◆ **INSTRUCTIONS TO FOLLOW**
Exactly as written, print every line of the listing below and omit its pictures.

DATA PROVIDED Start Marker

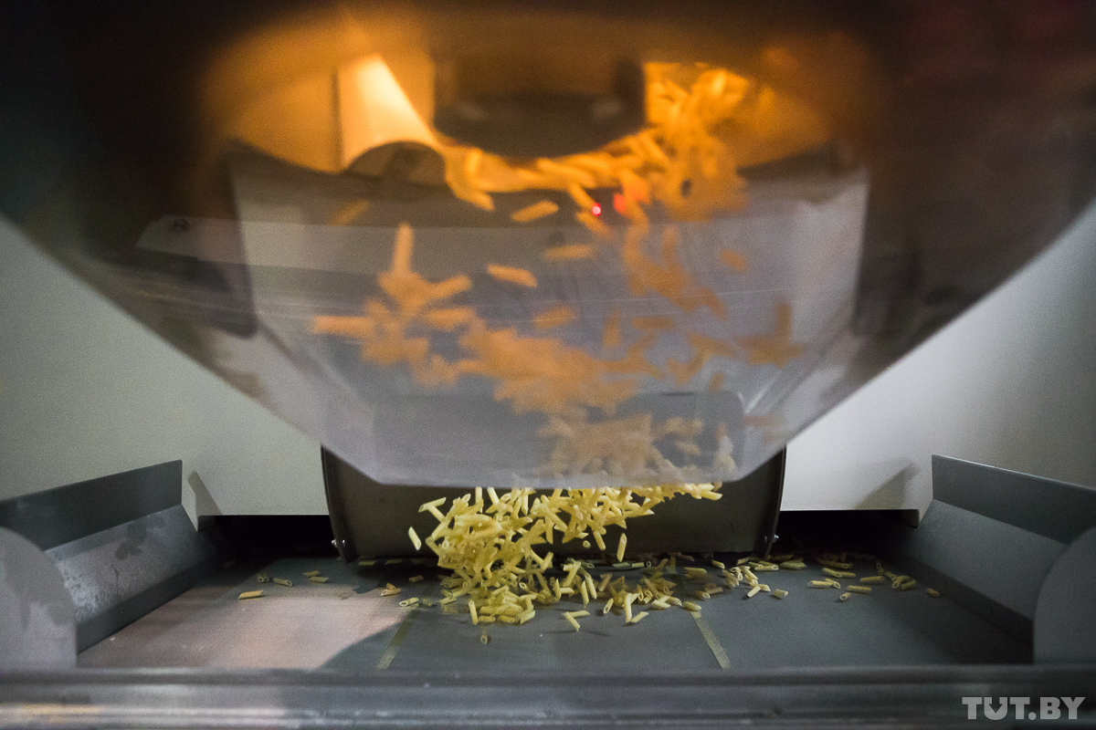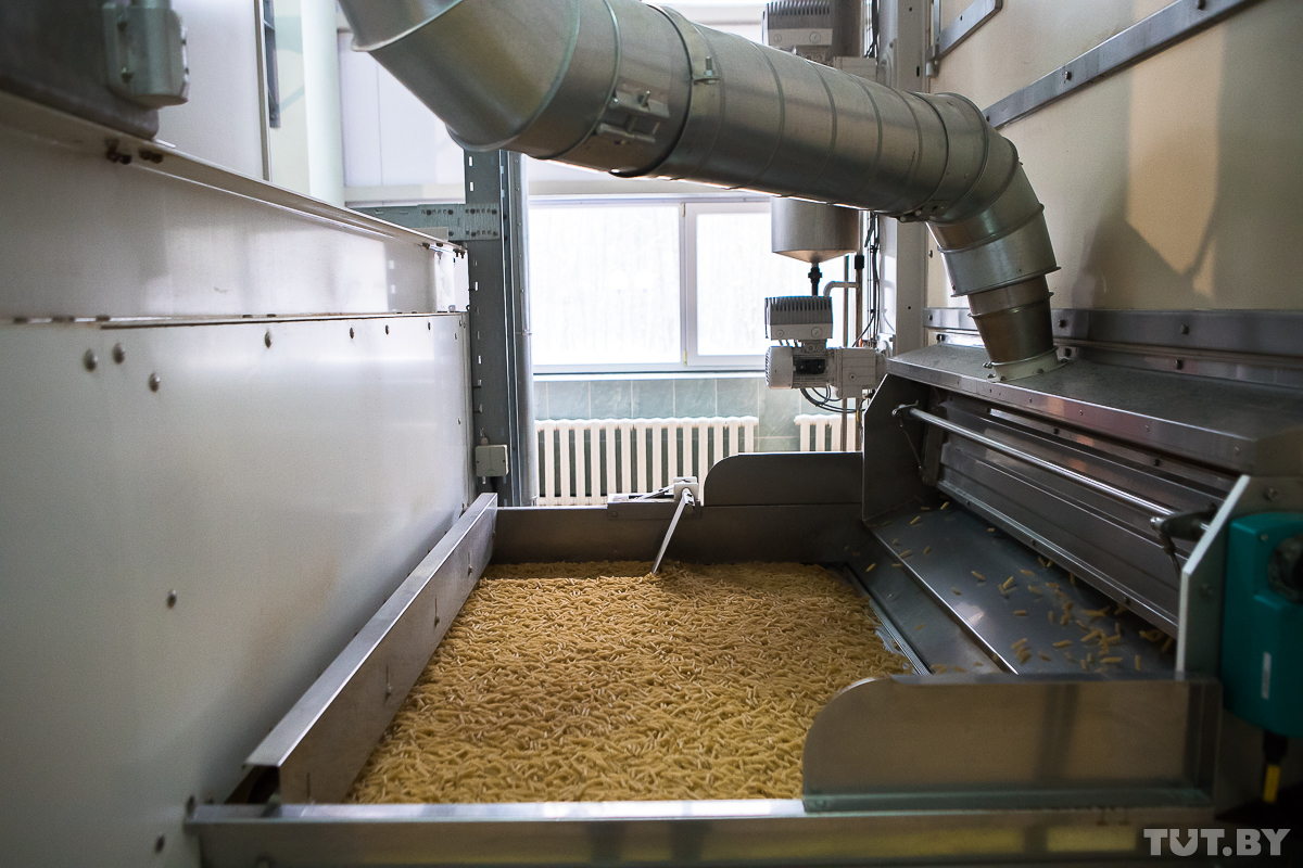 — Когда в Беларуси стали производить макаронные изделия, оказалось, что зерна для этого у нас очень мало. Хорошей пшенице нужно много солнца и сухой климат, — объясняет Екатерина. — Сейчас в нашей стране пытаются разработать такие сорта твердой пшеницы, которые могли бы расти в Беларуси, но до крупного производства еще не дошли. Поэтому пока приходится закупать сырье в России — чаще всего это Оренбургская область и Алтай.
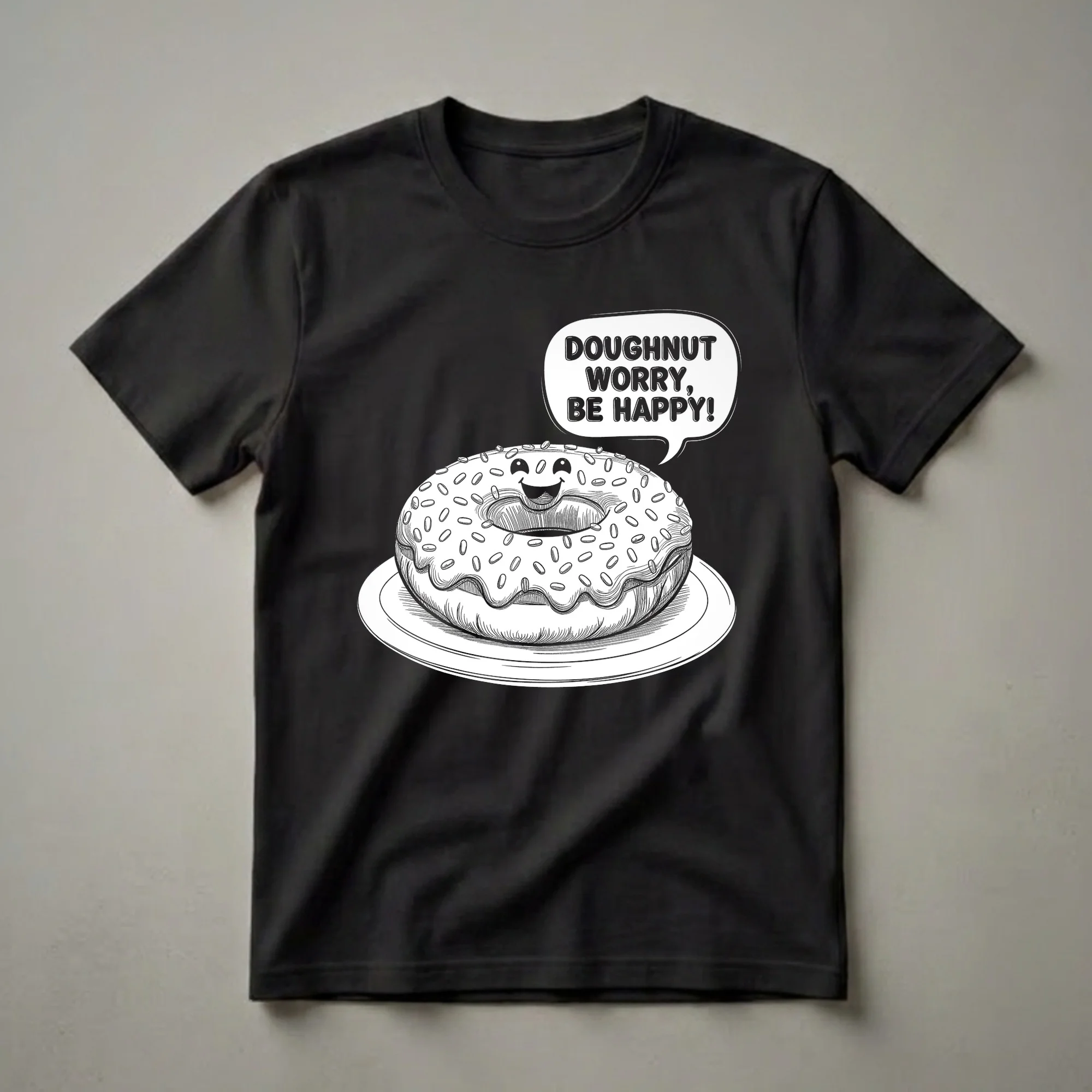 Embrace a positive outlook with this humorous graphic tee featuring a smiling donut, ready to spread a sweet message. The design features a whimsical, hand-drawn donut with a wide, joyful smile and sprinkles scattered across its glazed surface. This cheerful pastry sits on a simple plate, ready to deliver its uplifting message: 'Doughnut Worry, Be Happy!' in a playful speech bubble. This shirt is a thoughtful gift for anyone who finds joy in simple pleasures and a good laugh, especially those who believe a donut can solve many of life's little worries. It's a staple in the collection for those who enjoy a bit of lightheartedness in their wardrobe. Wear this t-shirt to casual gatherings, game nights, or simply when you want to spread a little happiness. The playful illustration style adds a unique charm, making it a conversation starter for fellow food enthusiasts. This tee is a reminder to stay positive and enjoy the sweet moments in life, just like a delicious donut.
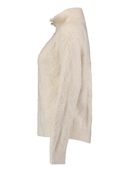 Strickpullover mit Reißverschlusskragen und Zopfstrickmuster.

DATA PROVIDED End Marker

◆ **REPLY TO THE EXERCISE**
 — Когда в Беларуси стали производить макаронные изделия, оказалось, что зерна для этого у нас очень мало. Хорошей пшенице нужно много солнца и сухой климат, — объясняет Екатерина. — Сейчас в нашей стране пытаются разработать такие сорта твердой пшеницы, которые могли бы расти в Беларуси, но до крупного производства еще не дошли. Поэтому пока приходится закупать сырье в России — чаще всего это Оренбургская область и Алтай.
 Embrace a positive outlook with this humorous graphic tee featuring a smiling donut, ready to spread a sweet message. The design features a whimsical, hand-drawn donut with a wide, joyful smile and sprinkles scattered across its glazed surface. This cheerful pastry sits on a simple plate, ready to deliver its uplifting message: 'Doughnut Worry, Be Happy!' in a playful speech bubble. This shirt is a thoughtful gift for anyone who finds joy in simple pleasures and a good laugh, especially those who believe a donut can solve many of life's little worries. It's a staple in the collection for those who enjoy a bit of lightheartedness in their wardrobe. Wear this t-shirt to casual gatherings, game nights, or simply when you want to spread a little happiness. The playful illustration style adds a unique charm, making it a conversation starter for fellow food enthusiasts. This tee is a reminder to stay positive and enjoy the sweet moments in life, just like a delicious donut.
 Strickpullover mit Reißverschlusskragen und Zopfstrickmuster.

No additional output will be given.